YOUR INSTRUCTIONS
What you return should be the lines from the one with "- 6jazyčné denní" through the one with "Über dieselbe atemberaubende" in the data below, reproduced exactly with both ends, and no pictures at all.

SOURCE DATA
++++++++
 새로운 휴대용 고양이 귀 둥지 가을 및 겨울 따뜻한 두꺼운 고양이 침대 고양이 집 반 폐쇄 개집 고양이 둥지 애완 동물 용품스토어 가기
++++++++
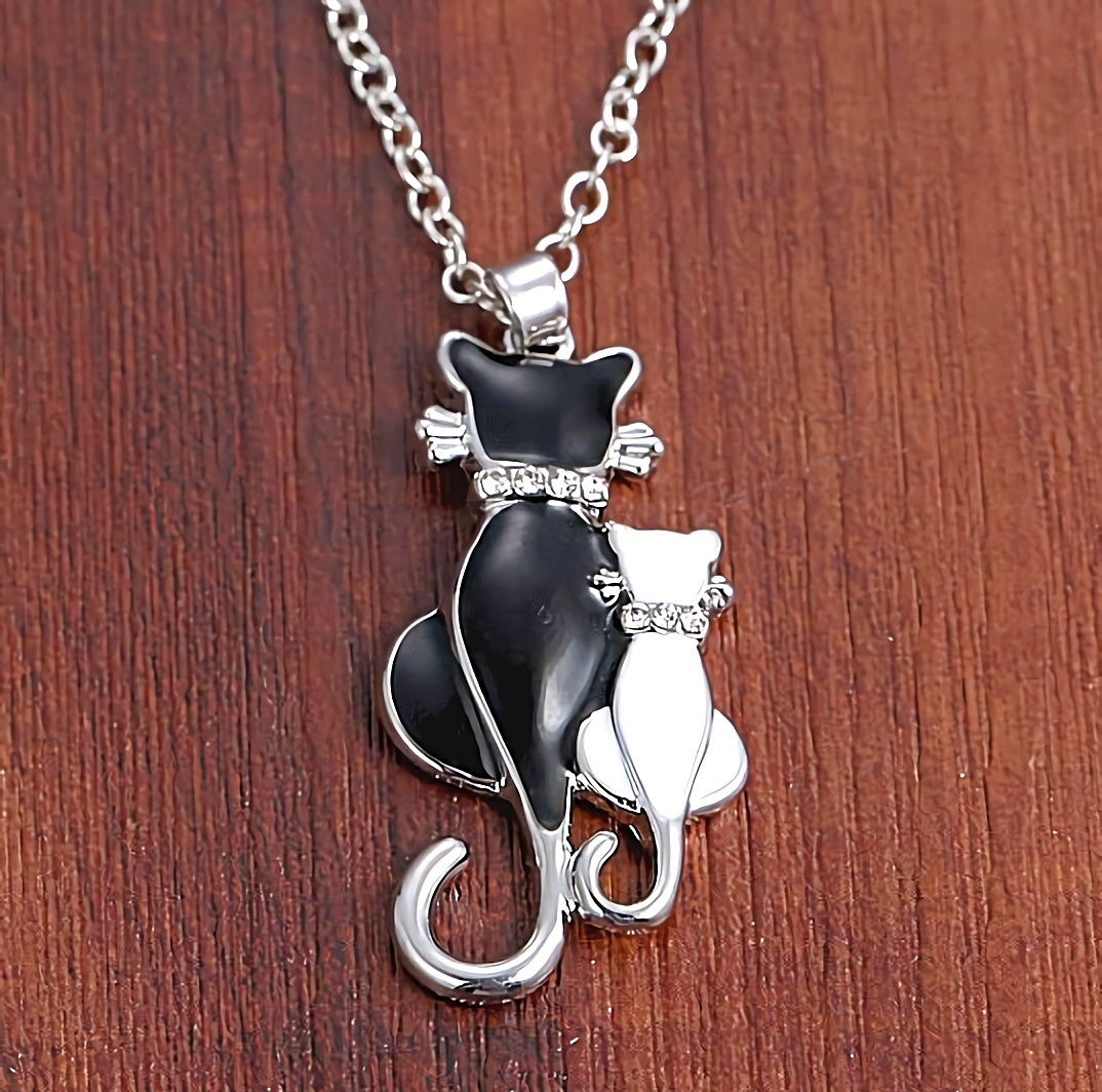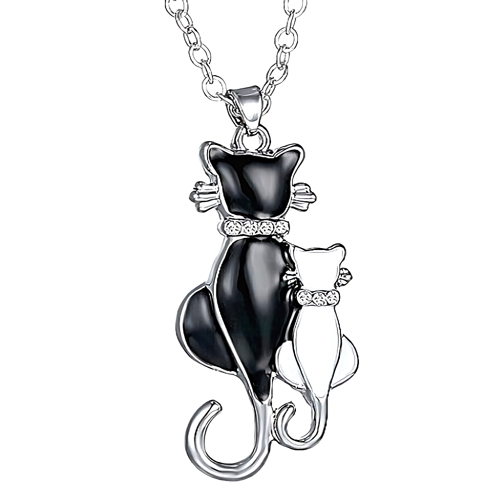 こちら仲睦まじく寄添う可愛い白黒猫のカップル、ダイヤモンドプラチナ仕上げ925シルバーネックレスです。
++++++++
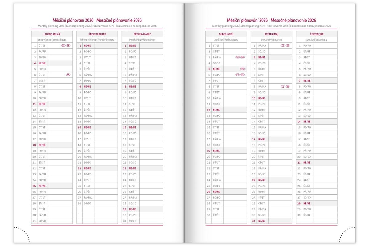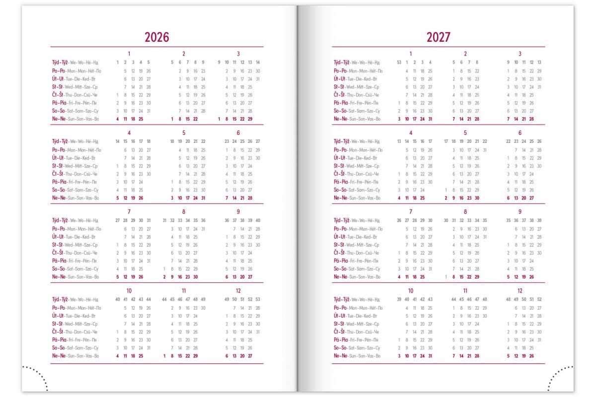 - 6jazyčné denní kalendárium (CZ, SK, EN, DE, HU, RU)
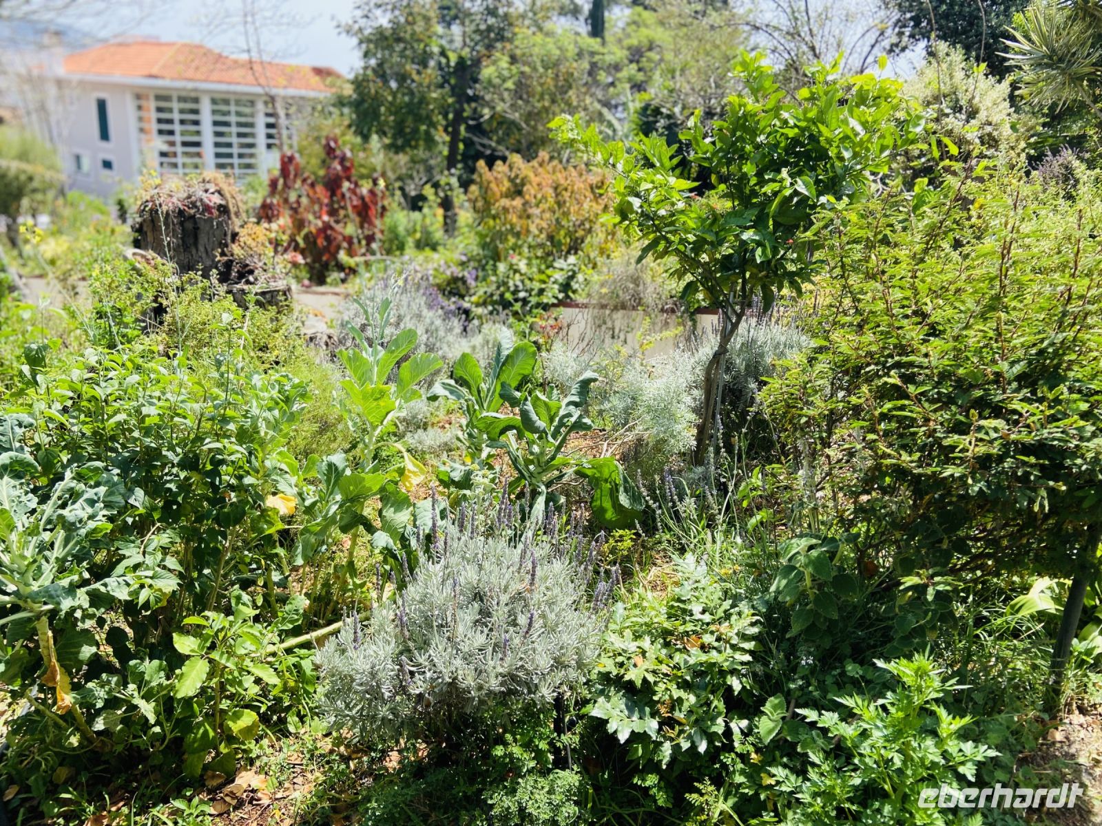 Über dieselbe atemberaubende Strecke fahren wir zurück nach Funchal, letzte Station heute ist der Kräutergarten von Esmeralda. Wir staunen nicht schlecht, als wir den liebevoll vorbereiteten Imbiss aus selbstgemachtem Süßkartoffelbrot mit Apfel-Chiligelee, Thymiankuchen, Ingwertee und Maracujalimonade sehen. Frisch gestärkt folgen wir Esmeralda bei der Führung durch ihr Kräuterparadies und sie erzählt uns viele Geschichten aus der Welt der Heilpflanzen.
++++++++
OUTPUT OF THE EXERCISE
 - 6jazyčné denní kalendárium (CZ, SK, EN, DE, HU, RU)
 Über dieselbe atemberaubende Strecke fahren wir zurück nach Funchal, letzte Station heute ist der Kräutergarten von Esmeralda. Wir staunen nicht schlecht, als wir den liebevoll vorbereiteten Imbiss aus selbstgemachtem Süßkartoffelbrot mit Apfel-Chiligelee, Thymiankuchen, Ingwertee und Maracujalimonade sehen. Frisch gestärkt folgen wir Esmeralda bei der Führung durch ihr Kräuterparadies und sie erzählt uns viele Geschichten aus der Welt der Heilpflanzen.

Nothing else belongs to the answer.